Research projects

Current projects

Our lab is interested in understanding the molecular and cellular mechanisms that regulate the morphogenesis and the growth of tissues during embryonic development. The system that we use to address these questions is the skeletal muscle and the animal model on which most of our research is done is the chick embryo.  

Due to its accessibility and amenability to in vivo manipulation, the chick embryo has been one of the most prolific in the past to uncover many fundamental mechanisms in developmental biology. Its success has been somewhat diminishing in the 80’s and 90’s due to the relative complexity of manipulating gene expression in vivo, and the concomitant improvement of transgenesis and knock-out techniques in other vertebrate systems. The combination of the newly developed electroporation technology (utilized to target in a time- and space-restricted manner the over-expression of candidate genes or inhibit their function in the embryo) with the classical approaches that have made the success of the avian model (e.g. the quail-chick chimera, or microsurgeries) and emerging live imaging technologies, opens new fields of investigation, until now restricted to more simple systems. This makes the chick embryo one of the most exciting and versatile model to characterize in an amniote embryo dynamic processes, such as tissue morphogenesis, whereby differentiated cells organize into functional organs.

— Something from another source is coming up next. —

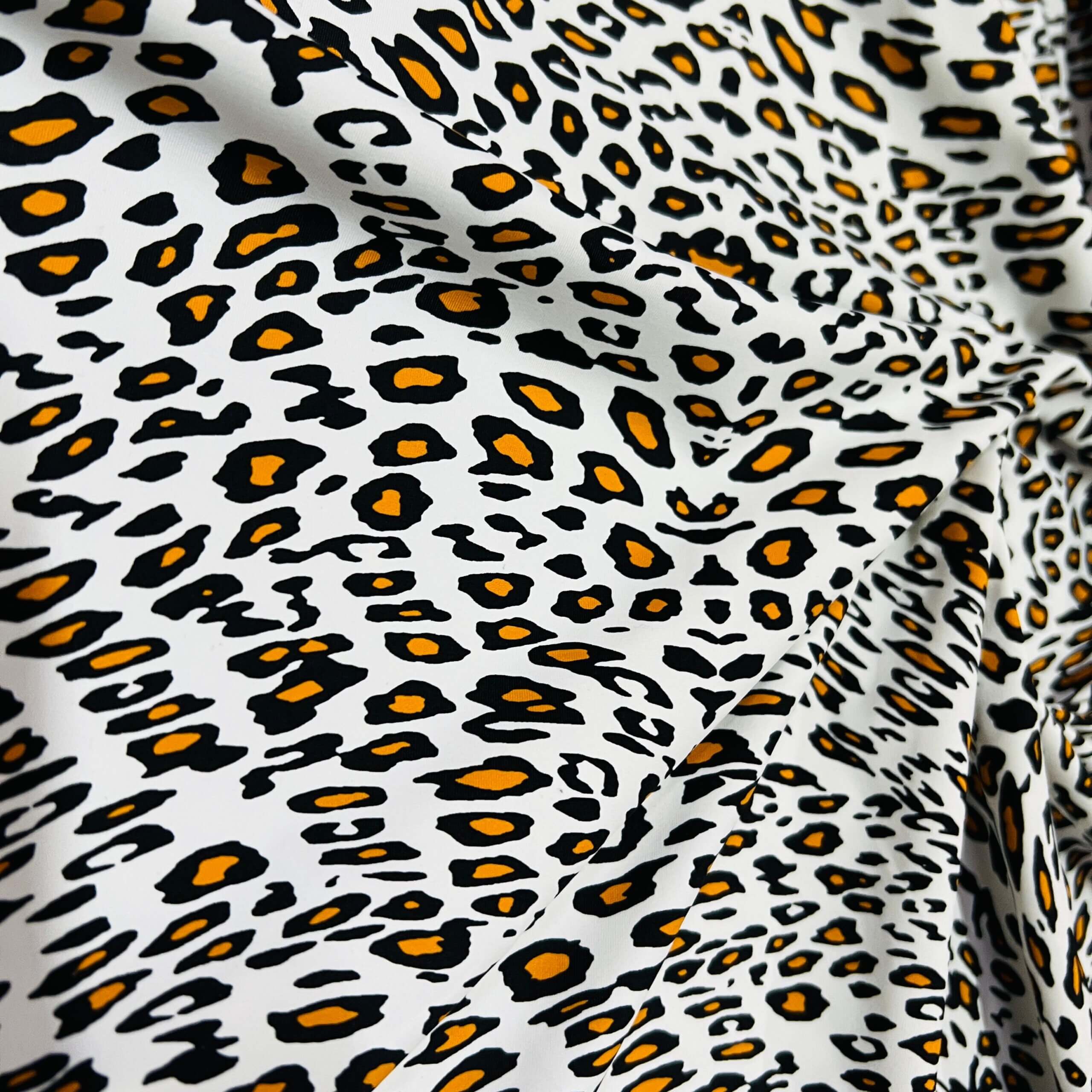 Animal Print White and Yellow Nylon Lycra Spandex Fabric 4 Way Stretch By Yard for swimwear dancewear sportwear dress
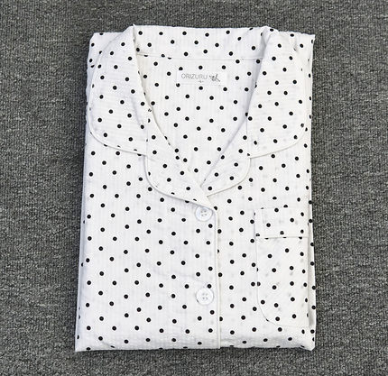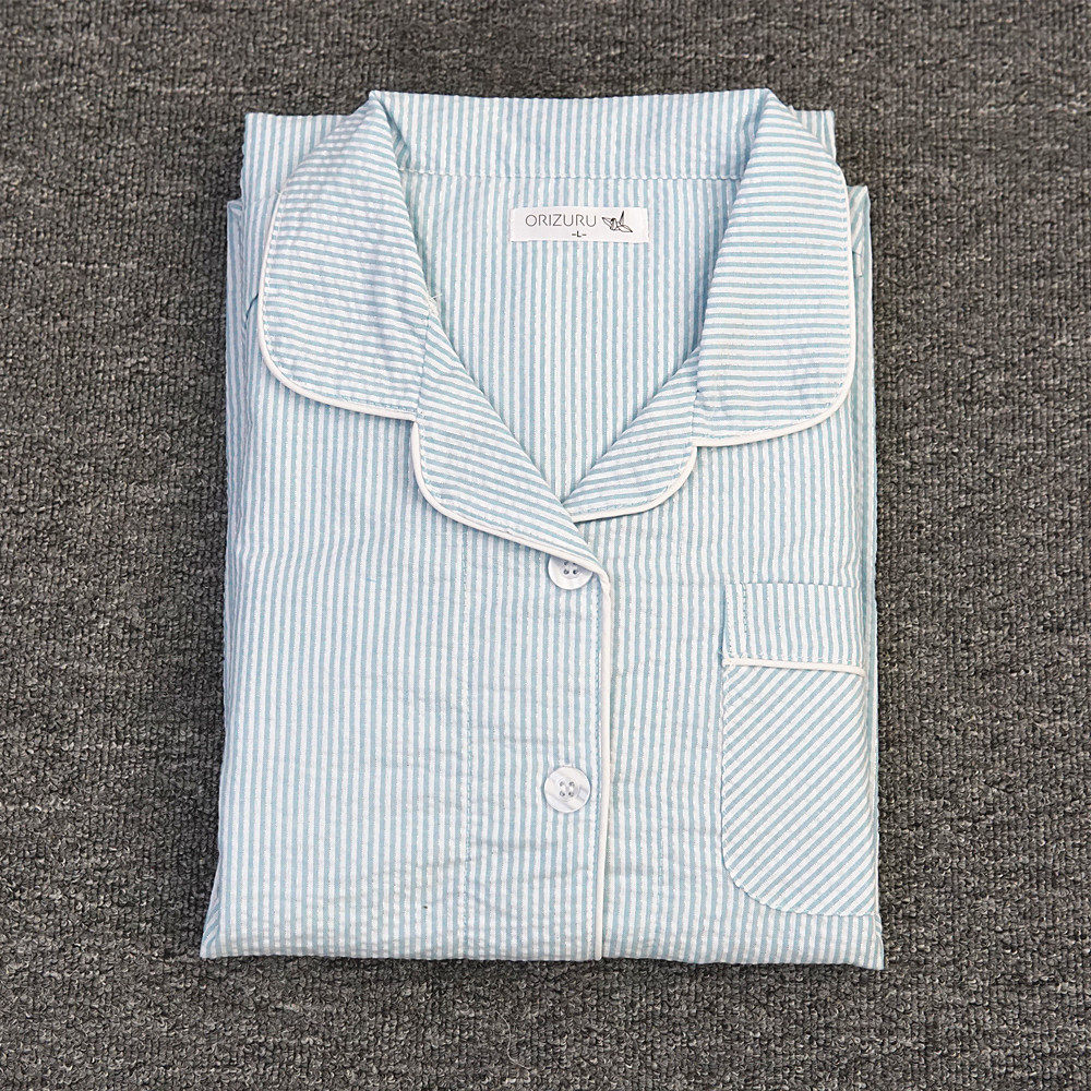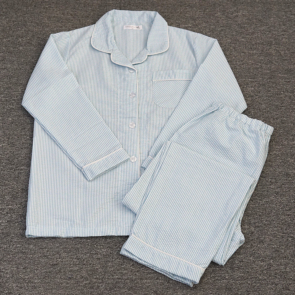 女款纯棉睡衣泡泡棉布春夏季简约全棉梭织家居服开衫长袖长裤套装

Previous and current research

To date, most research in muscle research has focused on the molecular mechanisms underlying skeletal muscle induction, leading to the discovery of many of key regulatory genes and signalling pathways implicated in this process. However the later events of myogenic differentiation (morphogenesis, growth, fusion…) are much less understood. These are the questions on which we are focusing our attention.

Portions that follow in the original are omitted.